À l’aune du matraquage médiatique quotidien, méfiez-vous des rafales d’images en mouvement qui polluent aujourd’hui les bars, restaurants et discothèques pour s’emparer de votre « temps de cerveau disponible »1 afin de vous enfoncer encore plus dans le flux narcotique télévisuel débile qui met fin à toutes les bonnes discussions. Ce ne sont pas des images justes, ce sont, malheureusement, juste des images.
Il est urgent de pointer du doigt celles qui font lever les yeux du spectateur, celles qui provoquent une réaction, qui méritent que l’on parle d’elles entre amis. Loin des tapisseries peintes animées, Steph Meyers programme depuis plus d’un an à l’Exit07 le cycle Loop. Les dimensions de l’espace-écran qui surplombe le bar rappellent le format cinémascope, poussé ici à son point ultime. Trois projecteurs au format 16/9 mis côte à côte éclairent des œuvres créées par des artistes ouverts aux expériences audiovisuelles sensorielles. Ils viennent du graphisme, de l’animation, du motion design et du cinéma, et s’appellent Wennig[&]Daubach, Paul Kirps, Eric Schockmel, Steve Gerges ou encore Beryl Koltz.
Sortir l’art des musées, essayer de l’intégrer au quotidien pour que tout un chacun puisse le découvrir et le vivre sans forcément s’y attendre au départ, telle est la mission noble que Steph Meyers s’est fixée, et qui a été entreprise au cours du XXe siècle par de nombreux artistes et penseurs. La surcharge d’images animées insignifiantes pousse aujourd’hui plus que jamais à la défense d’une politique qui valorise des images en mouvement conçues avec un regard, une réflexion et du temps, bref, de l’argent mis à disposition d’un artiste. Mais comment créer une boucle audio-visuelle censée s’intégrer dans un lieu public de façon complémentaire, sans happer le regard des clients qui sont avant tout sur place pour boire un verre ?
C’est par le biais de l’interactivité que l’œuvre Catch-All de Wennig[&]Daubach, présentée en octobre 2009, réussissait à instaurer un pacte entre l’œuvre et les clients présents dans le bar.
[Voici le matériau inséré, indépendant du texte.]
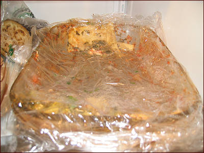 Oh man, that's nasty! How long has that been in the fridge, anyway? What a stench.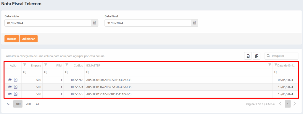 Clique em [Buscar] para carregar a listagem das notas emitidas no intervalo selecionado.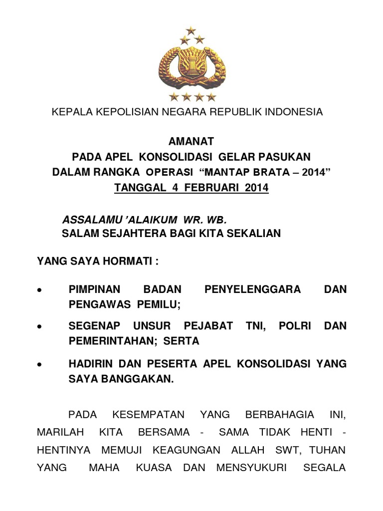Amanat Kapolri Dlm Rangka Apel Konsolidasi Mantap Brata 2014

Chaque visiteur pouvait envoyer un texto composé de neuf lettres à un numéro spécifique qui faisait que, dans le monde virtuel, des bonhommes peignaient les lettres commandées par le client sur une vitre transparente, le mot envoyé apparaissant à la fin. Ainsi le client n’est pas spectateur mais per-former inclus dans le dispositif artistique, sans lui l’œuvre n’existe pas. Les clients du bar s’échangeaient des messages en public, la sphère intime du texto se transformant en agora gréco-romaine le temps d’une conversation.
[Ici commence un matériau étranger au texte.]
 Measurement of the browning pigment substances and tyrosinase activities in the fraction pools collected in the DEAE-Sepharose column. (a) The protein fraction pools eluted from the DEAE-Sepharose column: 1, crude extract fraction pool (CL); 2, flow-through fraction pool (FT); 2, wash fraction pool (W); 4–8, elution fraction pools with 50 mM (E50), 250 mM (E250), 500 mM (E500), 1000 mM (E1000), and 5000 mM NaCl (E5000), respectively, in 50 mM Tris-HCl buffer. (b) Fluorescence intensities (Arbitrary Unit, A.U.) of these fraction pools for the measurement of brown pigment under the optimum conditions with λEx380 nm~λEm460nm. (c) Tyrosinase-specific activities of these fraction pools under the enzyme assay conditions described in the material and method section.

Cette esthétique du quotidien s’est également retrouvée dans Last Exit to Brooklyn de Beryl Koltz, qui a filmé en plan séquence le passage d’un pont à travers la vitre d’une rame de métro newyorkaise. Quoi de plus éphémère que le striage de la structure métallique du pont qui décompose le flux continu des images en fragments dé-cousus que le spectateur doit reconstituer mentalement. Un paysage urbain qui défile, un pont qui fait le lien entre deux instants de vie, tout comme un passage au bar après une journée de travail.
Dans le cadre des soirées hebdomadaires Jeudiscover, l’animation graphique expérimentale Form.Ex de Steve Gerges investit actuellement la surface de projection de l’Exit. Il est à regretter que, pour ne pas trop perturber l’ambiance du bar, cette peinture abstraite en mouvement ait été amputée de son univers sonore, sans lequel elle ne prend pas complètement son envol. Mais ce voyage d’un cercle blanc qui s’anime progressivement pour se transformer en sphère réfléchissante noire avant de traverser maintes mutations anguleuses colorées menant fatalement vers une explosion, est un bijou sensoriel qui vaut le détour.